Un nuovo piano Marshall per l’Ucraina

La conferenza dei donatori internazionali per l’Ucraina organizzata a Varsavia giovedì 5 maggio ha raccolto oltre 6 miliardi di euro, come ha confermato il primo ministro polacco Mateusz Morawiecki. Diversi Stati membri dell’Ue hanno donato milioni di euro in aiuti umanitari e militari.

La presidente della Commissione europea Ursula von der Leyen ha confermato che l’Ue ha donato oltre 4 miliardi di euro all’Ucraina dall’inizio dell’invasione. Ha anche confermato che saranno stanziati altri 200 milioni di euro per i rifugiati.

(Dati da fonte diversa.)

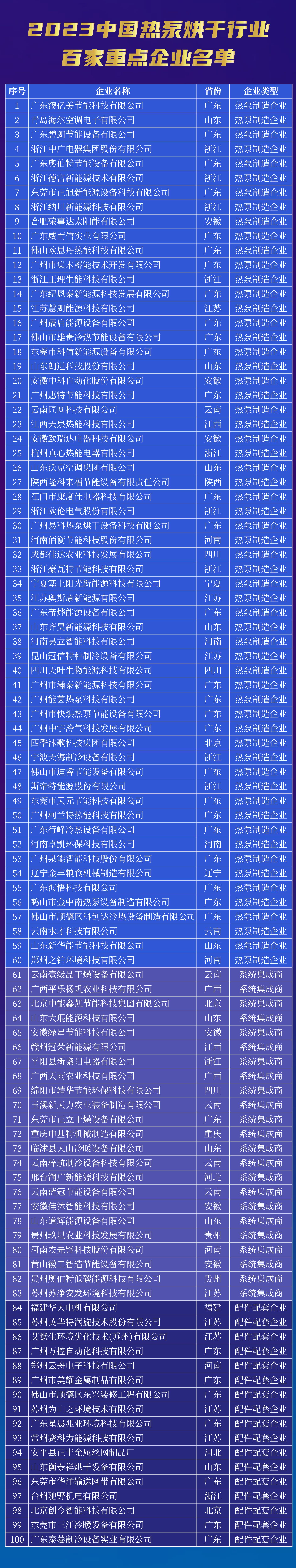 2023年7月30日,由中国节能协会热泵专业委员会支持、《热泵》杂志承办“2023中国热泵烘干行业百家重点企业推选活动”,经来自权威科研院所、知名院校、检测认证机构、标准制定组织、行业协会等部门的专家组成评审组评审,《2023中国热泵烘干行业百家重点企业》榜单正式对外发布。60家热泵制造厂家、23家烘干系统集成商、17家配件配套企业榜上有名。
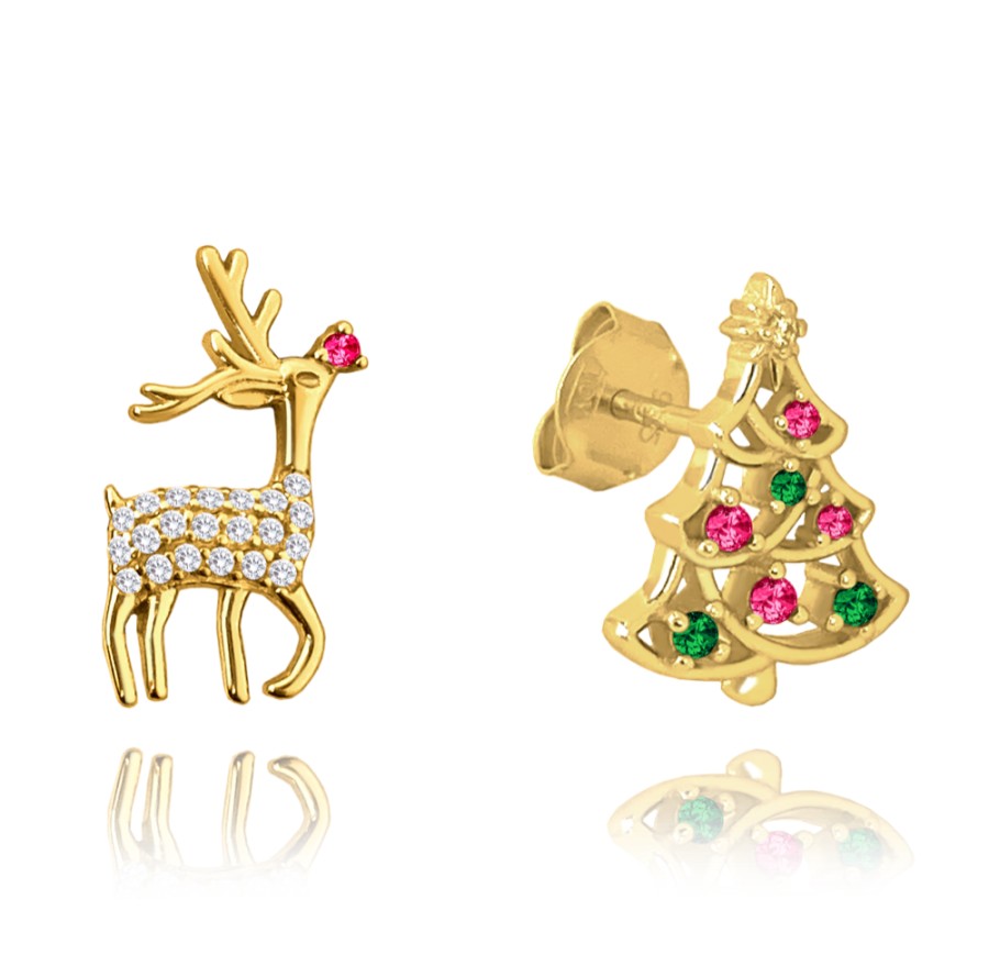 MINET JMAS8044GE00 - MINET Vánoční pozlacené stříbrné náušnice SOB a STROMEČEK

“Servono 5 miliardi di euro al mese per tenere in piedi il Paese, in modo che insegnanti, infermieri e dottori ricevano gli stipendi. Vi aiuteremo a ricostruire case, scuole e ospedali”, ha dichiarato il presidente del Consiglio Ue Charles Michel.

Il presidente ucraino Volodymyr Zelensky ha dichiarato che “abbiamo bisogno di un sostegno internazionale strategico per l’Ucraina che sia un analogo moderno dello storico piano Marshall”,  sottolineando che la ricostruzione del Paese dovrà essere un esempio come lo fu quella dopo la Seconda guerra mondiale.